* WHAT YOU NEED TO DO *
Could you output each line below precisely as it stands, without the images?

* DATASET EXTRACT *
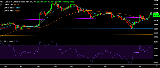 We prefer to take long position on USD/CNY around 7.03, stop loss at 7.00 and target of 7.0552.
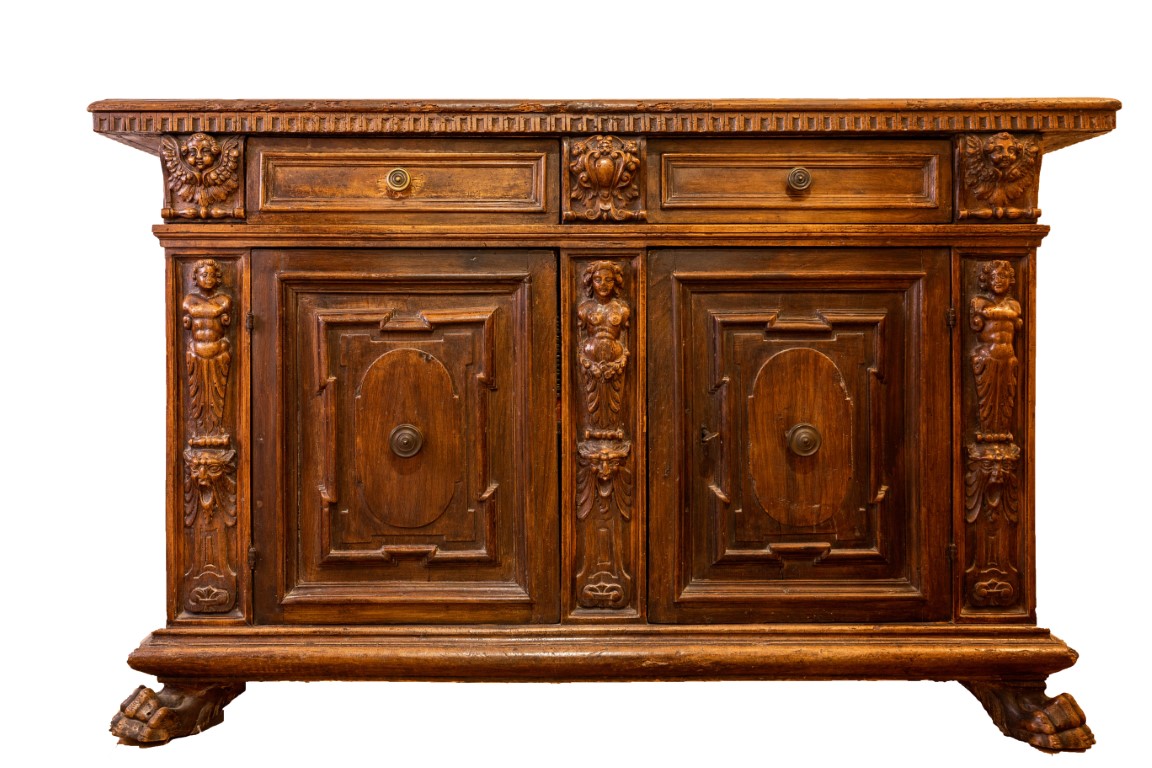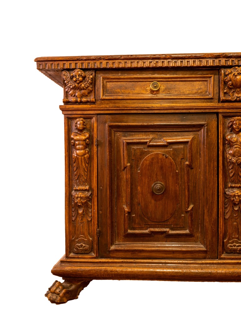 piano rettangolare con gocciolatoio a dentelli, due cassetti nella fascia intercalati da teste di cherubini, due sportelli sformellati sottostanti, lesene laterali scolpite a telamoni, base modanata, piedi a zampa ferina, costruita con materiali antichi
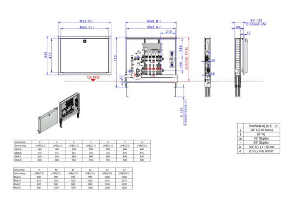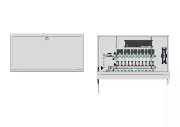 vertikale Anschlussgarnitur mit Wärmezählerverohrung, Verteiler mit Durchflussanzeiger 0-3 l/min im Vorlaufbalken und Thermostatventileinsatz M30x1,5 im Rücklaufbalken, vormontierte Stellantriebe und Klemmleiste mit Vorverdrahtung, Wasserzählerstrecke Trinkwasser kalt, Standard-Unterputz-Schrank mit Frontblende in RAL 9016
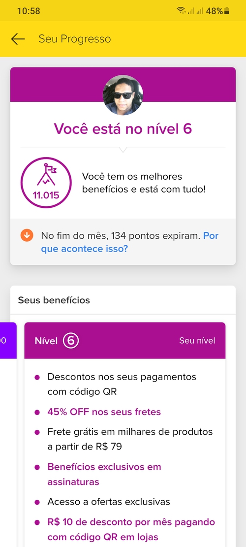 Consegui o nível 06 pela portabilidade de salário pro mercado pago. Só vitória

* OUTPUT OF THE TASK *
 We prefer to take long position on USD/CNY around 7.03, stop loss at 7.00 and target of 7.0552.
 piano rettangolare con gocciolatoio a dentelli, due cassetti nella fascia intercalati da teste di cherubini, due sportelli sformellati sottostanti, lesene laterali scolpite a telamoni, base modanata, piedi a zampa ferina, costruita con materiali antichi
 vertikale Anschlussgarnitur mit Wärmezählerverohrung, Verteiler mit Durchflussanzeiger 0-3 l/min im Vorlaufbalken und Thermostatventileinsatz M30x1,5 im Rücklaufbalken, vormontierte Stellantriebe und Klemmleiste mit Vorverdrahtung, Wasserzählerstrecke Trinkwasser kalt, Standard-Unterputz-Schrank mit Frontblende in RAL 9016
 Consegui o nível 06 pela portabilidade de salário pro mercado pago. Só vitória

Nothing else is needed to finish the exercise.